Поезд стал замедлять ход. Замелькали предстанционные постройки и кирпичные теремки.
— Ну, я приехал! — сказал книголюб и встал. — Так что, сойдем?
— Нет, поеду к жене! — решительно отрезал писатель. — Что-то стало познабливать.
— Ну, тогда, значит, до свиданьица! — развел руками книголюб.
— Всего хорошего, — кивнул головой писатель и подумал: «Нет, я определенно болен, лезет же в башку всякая блажь. К психиатру надо бежать!»
Он машинально проследил глазами за книголюбом. Тот шел по перрону и вдруг остановился и помахал рукой кому-то, находившемуся вне поля зрения. И тут писатель увидел, что это совсем не та станция, которую книголюб ему назвал, до той было еще несколько прогонов. «Черт знает что!» И не успел он подумать, как быстрым шагом, почти вбежал книголюб и грохнулся на прежнее место.
— Спутал! — сказал он. — Вот башка! Я, кстати, вспомнил фамилию того писателя. Вирмашев. А книга из времен Гамлета, семнадцатый век.
— То есть это Шекспир написал своего «Гамлета» в семнадцатом веке, а тот жил много раньше, в одиннадцатом веке! Так, по крайней мере, сообщает Саксон Грамматик. Других источников нет, так что, может, и никакого Гамлета вообще не было!
— И все-то вы знаете, — умилился книголюб и вынул блокнот.
— Так Вармишев? — спросил писатель и нарочно переменил одну букву. Книголюб кивнул головой. — Говорите, у него пол-литра?
— Да, может, и больше. Там самогонку гнали на свадьбу.
«Э, сойду, — быстро решил писатель, — только так и можно вылечиться, а то и впрямь сойдешь с ума. Да и чего мне бояться? Роман написан, а через неделю мне шестьдесят восемь! Хватит! А парень славный. Это я болван, черт знает что придумываю. Пугаю себя».
— Хорошо, — сказал он. — Сойдем.
— Ну вот и чудненько, — обрадовался книголюб, даже руки потер.

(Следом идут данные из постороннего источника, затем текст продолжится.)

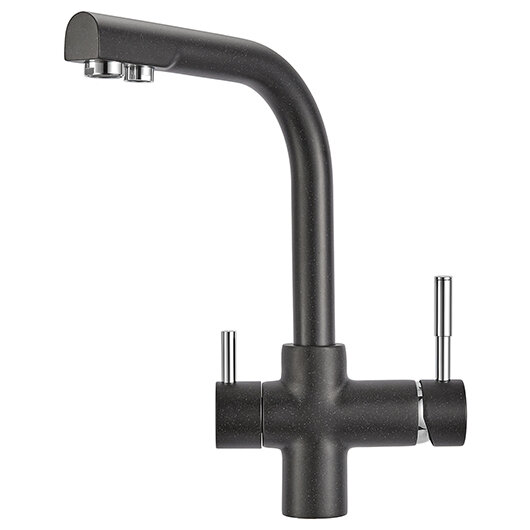 Смеситель для кухни Granula / Гранула 2015 двухрычажный с подключением фильтра питьевой воды, гибкая подводка гранит черный, высота 290мм излив 210мм / кран для раковины
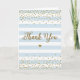 Foldable thank you card with white and blue stripes and faux confetti glitter. Complete your theme with matching invitation, signs, decorations and more from my Light Blue and Gold Collection.
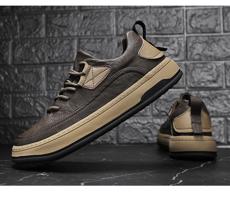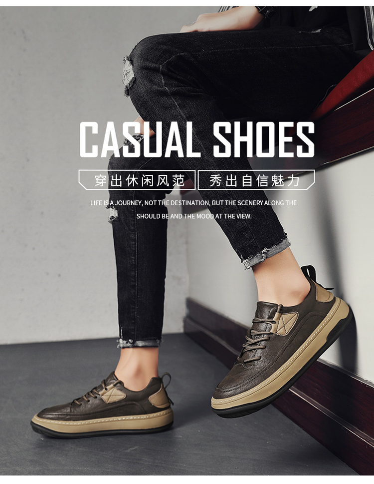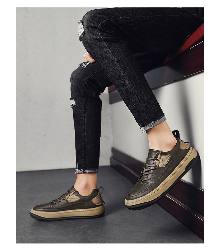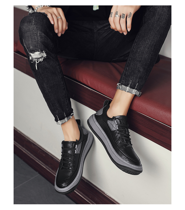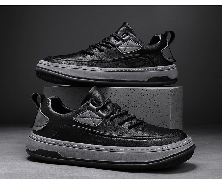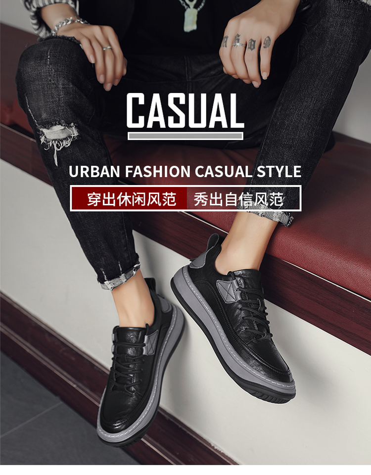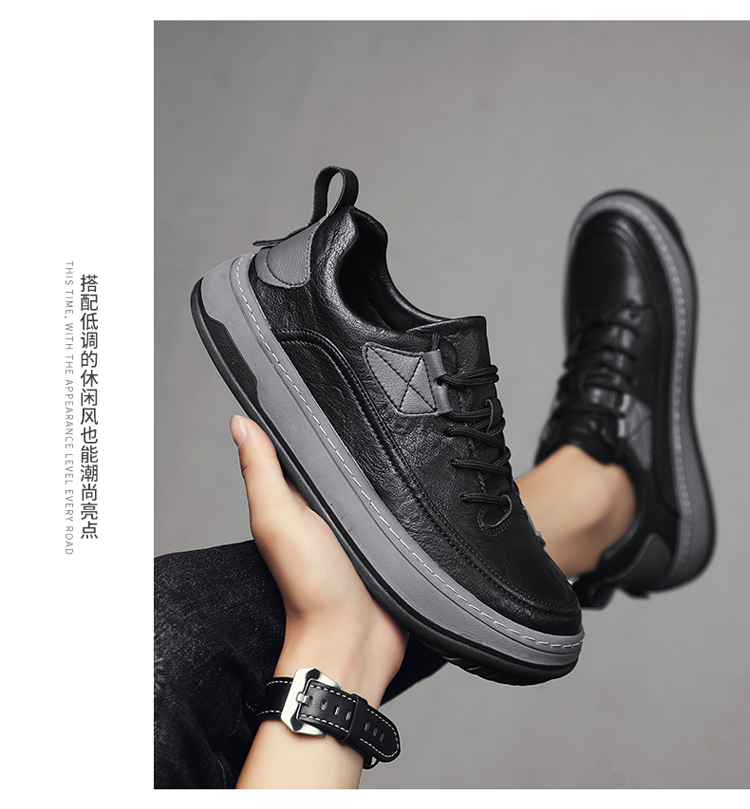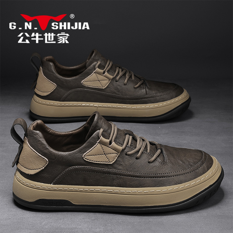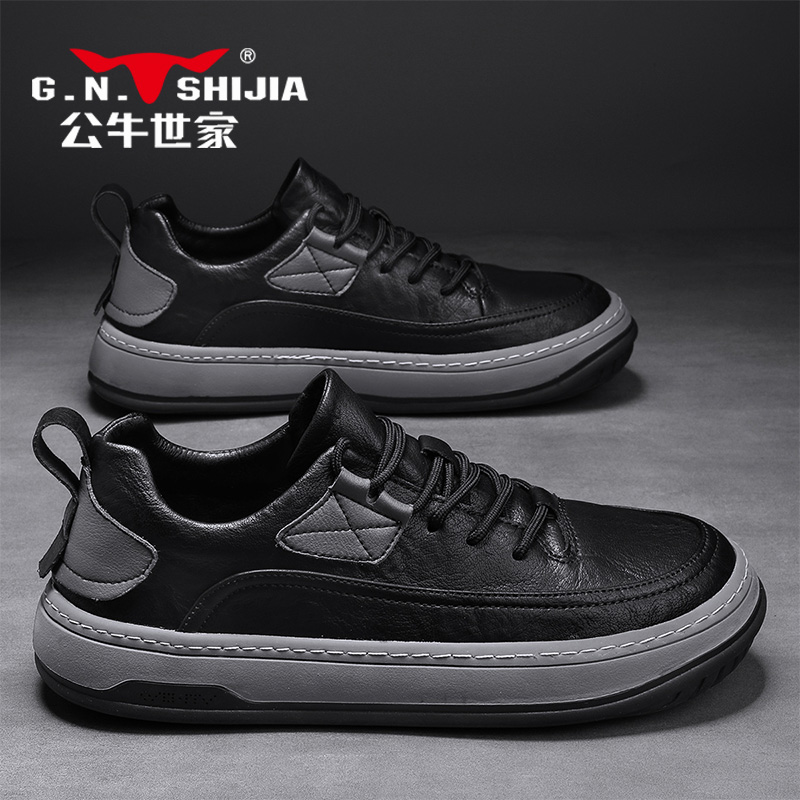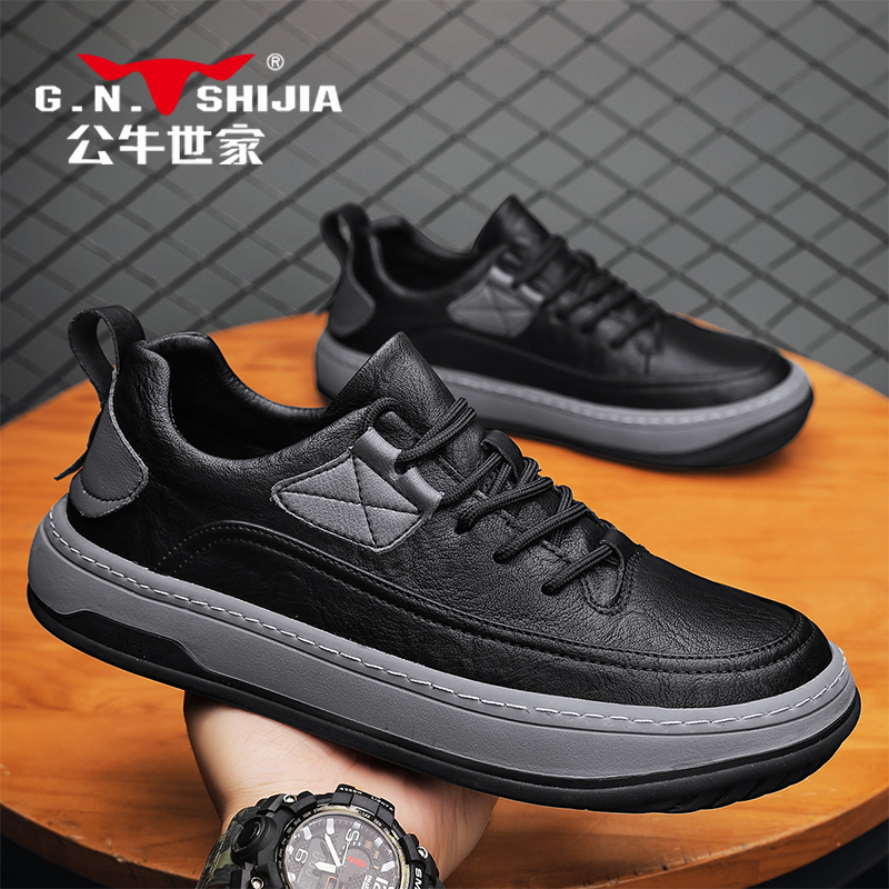 公牛世家男鞋春秋真皮休閒板鞋男款2023新款厚底增高運動男士皮鞋
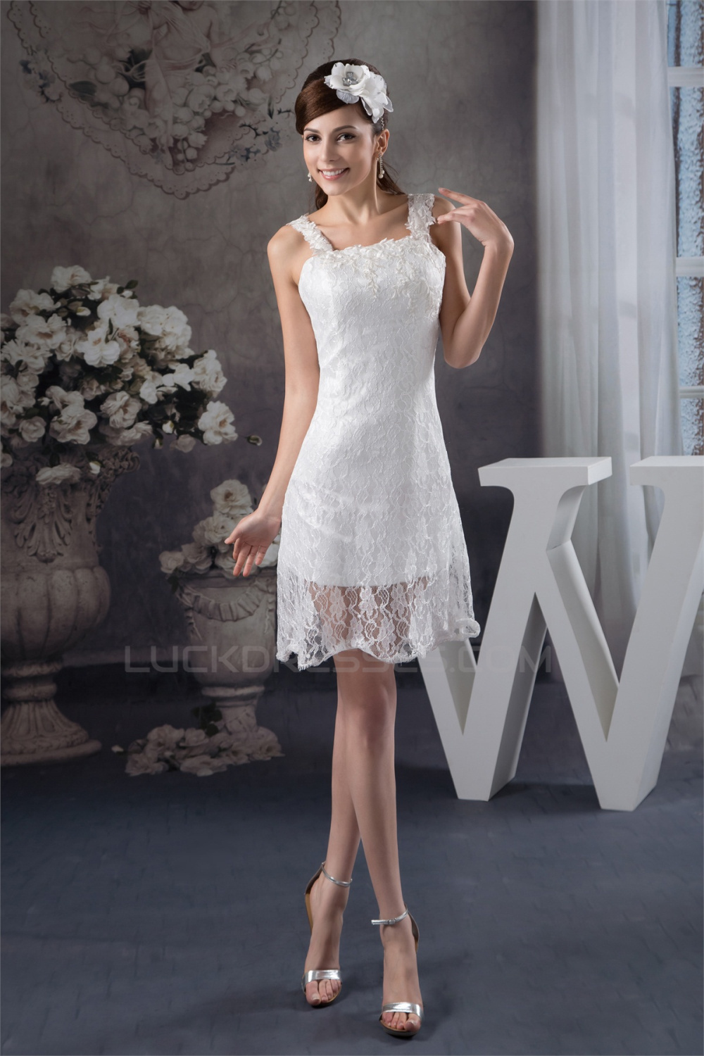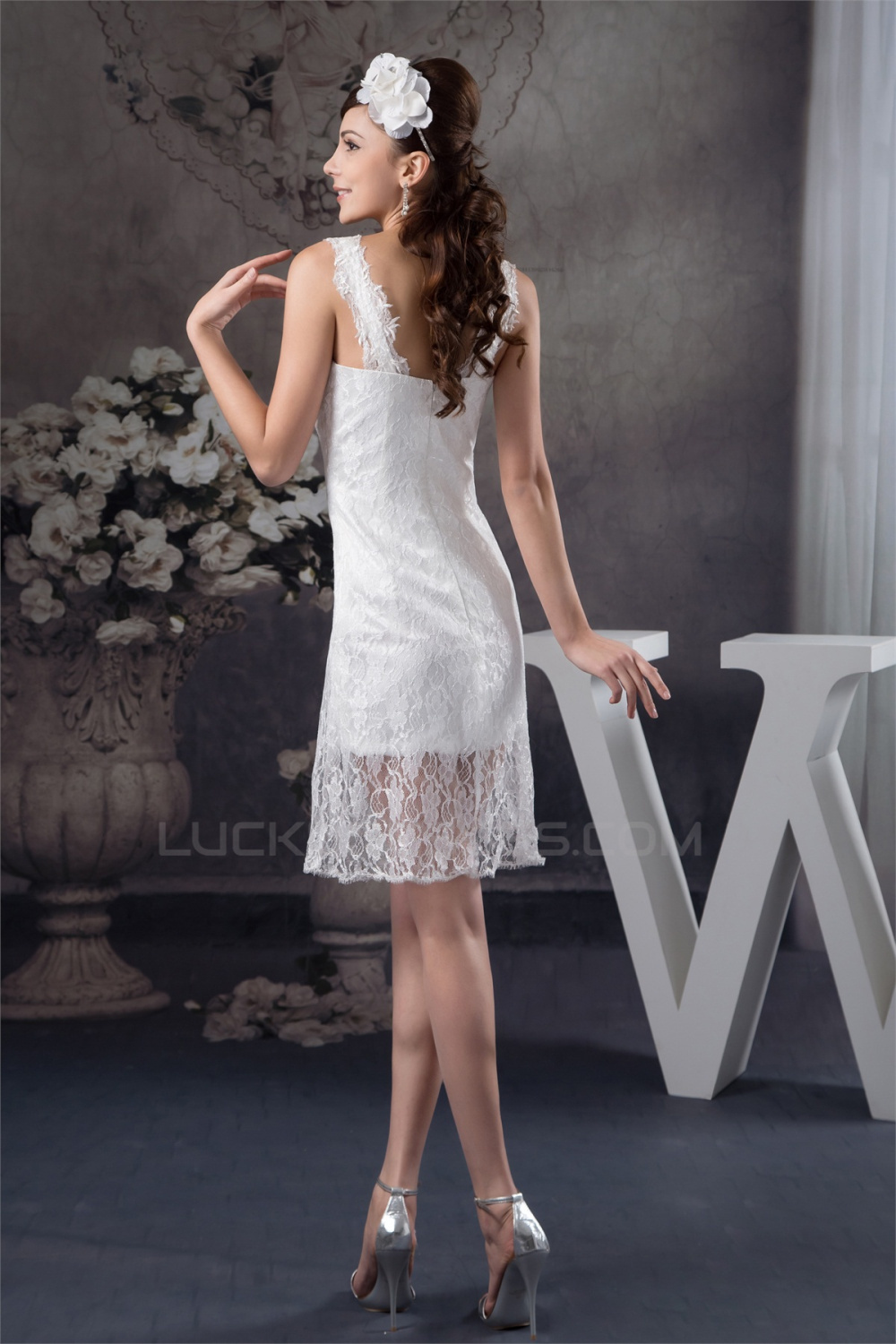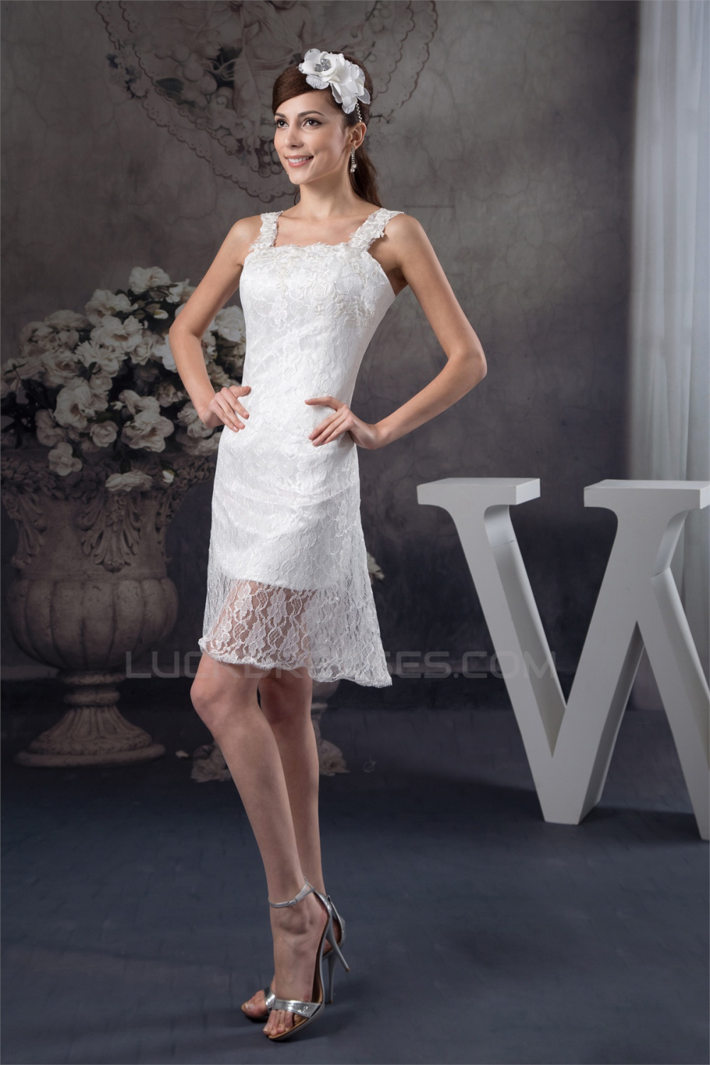 Sleeveless Lace Appliques Short Little White Short Wedding Dresses 2031531
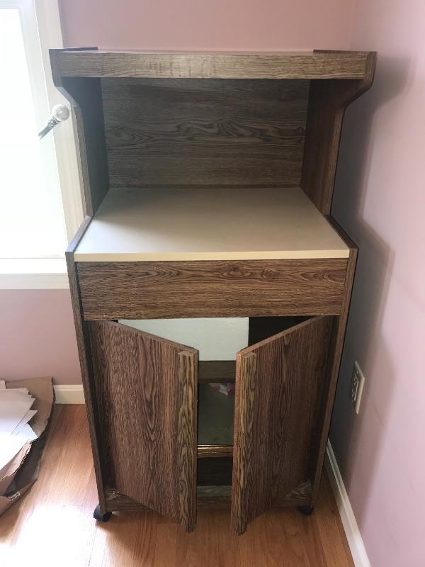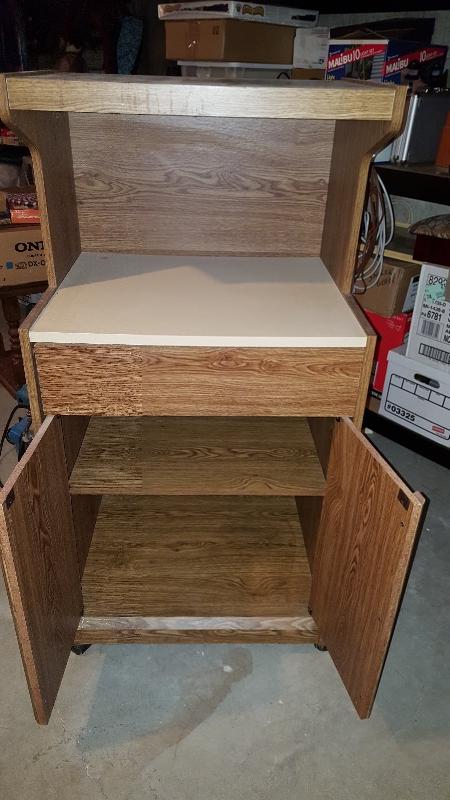 This cabinet is in good condition. It has a shelf and storage space underneath. It would look nice in the kitchen for a great coffee station!
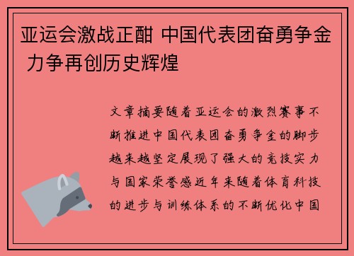 文章摘要:随着亚运会的激烈赛事不断推进,中国代表团奋勇争金的脚步越来越坚定,展现了强大的竞技实力与国家荣誉感。近年来,随着体育科技的进步与训练体系的不断优化,中国运动员在多个项目中迎难而上,不断突破自...
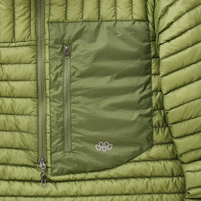 左胸の大きめのチェストポケットに収納できるパッカブル仕様。パッキングしやすいサイズ感で、二つ折りにもできる。
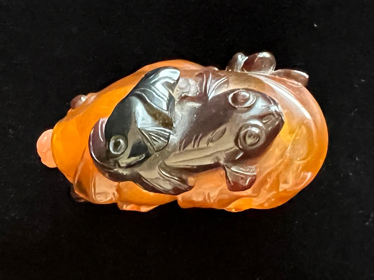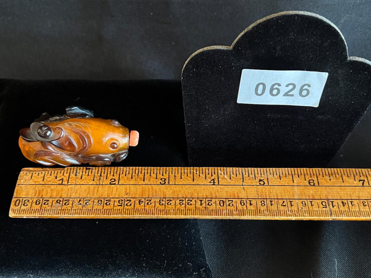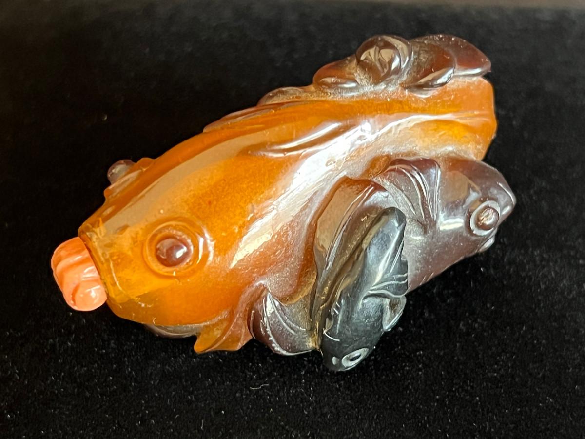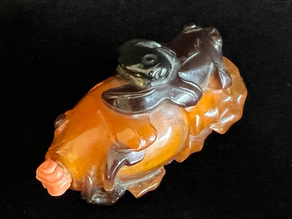 Carved Amber Koi Fish Snuff Bottle with Coral Squash Blossom Stopper
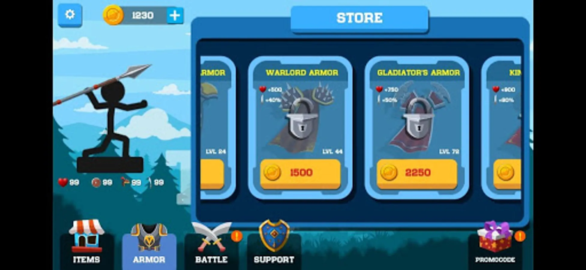 Limitsiz mərhələlər və 2 əla oyun rejimi Stickman - Epik Döyüş oyunumuzda.
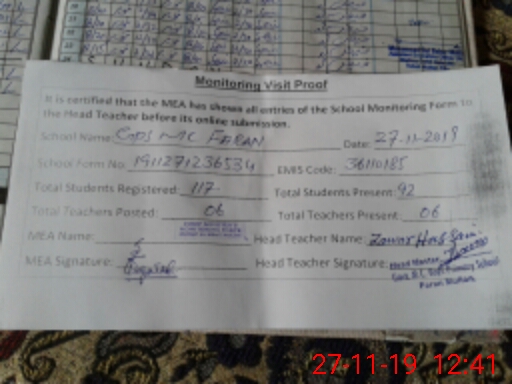 | EMIS Code: 36110185 | Name of School: GPS MC FARAAN NEAR KHONI BURJ MULTAN | |||
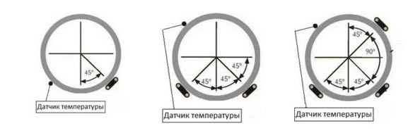 Noter! Séparément, il convient de parler de l'installation du capteur de température.Pour un chauffage ininterrompu de la ligne et pour éviter la surchauffe du câble, le capteur de température doit être situé au point le plus froid de la ligne, à la plus grande distance de la ligne elle-même.
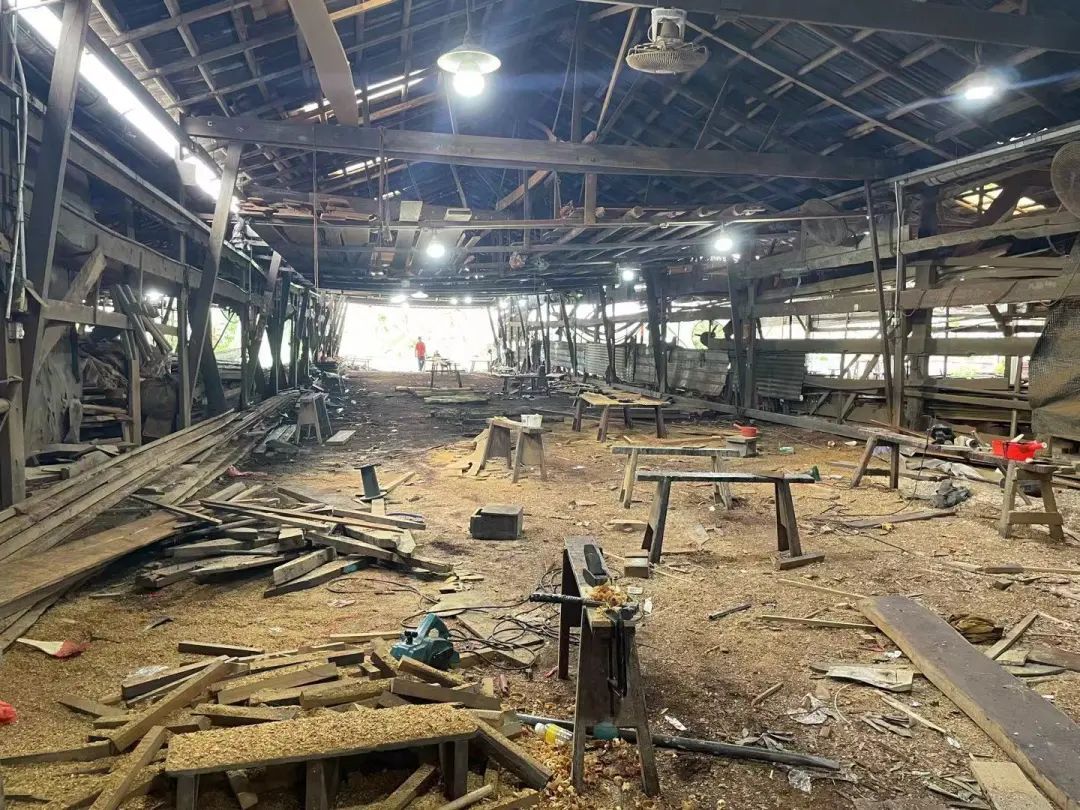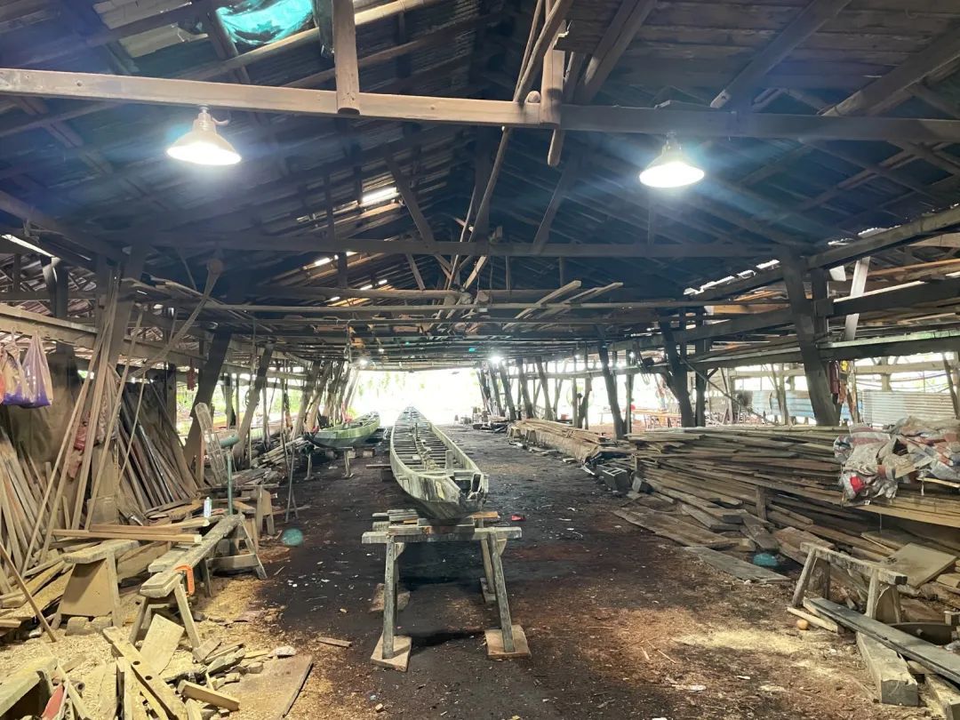 现场工人们紧张忙碌着各道龙舟制作工序。

Писатель машинально сунул руку в карман. Но финки там не было. «Ну и черт с ней, — подумал он, — страхом от страха не лечатся, лечатся бесстрашием...»
...Они сошли через две остановки. Это был маленький лесистый полустанок, вернее, даже не полустанок, а платформа. Совсем стемнело. Стояла прохладная, чуть подсвеченная одиноким желтым фонарем полутьма. Где-то рядом был, наверно, пруд, потому что тянуло тиной и стоячей водой и вовсю заливались лягушки. Большие, теплые, спокойные лужи стояли на асфальте и в колдобинах. Крошечные бурые лягушата прыгали вокруг. Писатель наклонился, ласково провел рукой по рослой траве.
— А здесь дождичек шел, — сказал он, вдыхая полной грудью смолистый воздух.
Книголюб нежно подхватил писателя под руку, и тот бедром почувствовал его карман. То есть то плоское, гладкое и массивное, что было у него в кармане. «Браунинг, небольшой, наверно, бельгийский», — понял писатель и спросил:
— А что это у вас там?
— Браунинг, — улыбнулся книголюб. — Смотрите! — Он мгновенно выхватил браунинг и навел его на писателя. — Ну, — сказал он и, приставив револьвер к своему виску, чем-то щелкнул. Выскочило высокое, голубое, прозрачное пламя.
Оба засмеялись.
— У одного алкаша за пятерку взял, — сказал книголюб и спрятал зажигалку. — Немецкая работа. Вороненая сталь. При случае можно кое-кого пугнуть. Ну вроде тех, кто вам звонит.
— А ну их! Скоро дойдем?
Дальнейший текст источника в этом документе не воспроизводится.